Section II is titled “Held.” The thirteen poems in this section all end with the refrain “held and firmly bound.” Anderson said she sees these poems in the tradition of a ghazal and like the ghazal, she hears her audience calling out the repeating refrain. The poems start out short. The first poem has six lines:

 

1.

Her heart kept startling, a nervy bird, clutch

of blue at the breast, her fingers’ twining and

intertwining fretting up the shakiest of nests.

 

His arm snaking round and his hand hovering—

she knew he’d swallow her down.

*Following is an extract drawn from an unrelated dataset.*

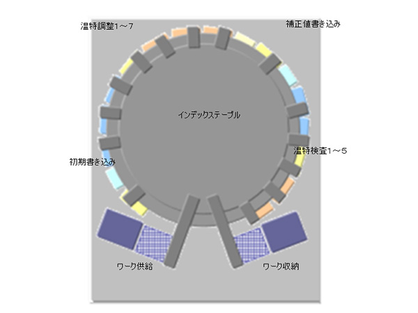 | システム構成 | ST1:初期検査 ST2~8:ADJ1~7 (低温ST.×3、+25℃、高温ST3) ST9:ROM 書込み ST10~14:TC test1~5 (低温ST×2、+25℃、 高温ST×2) |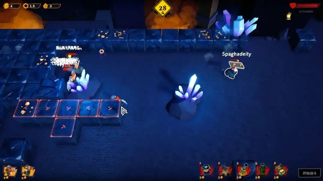 在第三阶段,除了炮塔可以进行攻击之外,玩家们也可以凭借手中的武器进行攻击,初始武器为一把手枪,玩家们可以通过挖矿来获取子弹量有限的强力武器,比如ak47和RGB火箭炮。当你感到局势不对时,还可以发动“小钻车”神力,你可以理解成小推车 并且场上的小钻车会随时间自动恢复,因此无需吝啬。

Knew he’d keep her

own hands flustering til held and firmly bound.

 

The last several poems are two pages each and deal with such complex subjects as: a celebrated English actress who unwisely marries a wealthy southerner who owns and mistreats slaves, an American Revolutionary War story featuring Anderson’s relative Francis Kinloch Huger and Marquis de Lafayette, and the contemporary American film Glory—about the Black Civil War regimen led by a young white officer with such stars as Denzel Washington, Morgan Freeman, and Matthew Broderick. With these three stories, Anderson brings Section II Held to a cinematic fever pitch that exceeds Southern storytelling in the tradition of William Faulkner (and Faulkner’s Quentin Compson is called up in the last stanza of Held).

 

13.

Oh Quentin Compson, look away

all you please. There’s one woman stopped cold as

the credits roll in Philly. That grit’s in her teeth. That salt’s

in her bones. No distance at all. By her own soil and substance

held and firmly bound.

 

The final section (III) contains one elegant, compressed poem that addresses Betsey Garrett signing the IOU not with an X as most illiterate people signed but with a plus sign. The last line of the final poem reads: “Saddled with. Hitched. Held. Bound.” What Nathalie Anderson hopes her readership takes away is the idea that there was an interconnectedness between the whites and the Blacks that is both viscerally animal and human in the sense of marriage. Voices inhabit this 15-line poem—“Pay up, fool. You’ll always owe me more.” “Skin-deep? You don’t know the half.” “More than you bargained for, or you deserve.”

 

Careful that it doesn’t appropriate a Black woman’s unusual story, Held and Firmly Bound by Nathalie Anderson is remarkable for its sassiness and risk-taking. Find this book from Muddy Ford Press.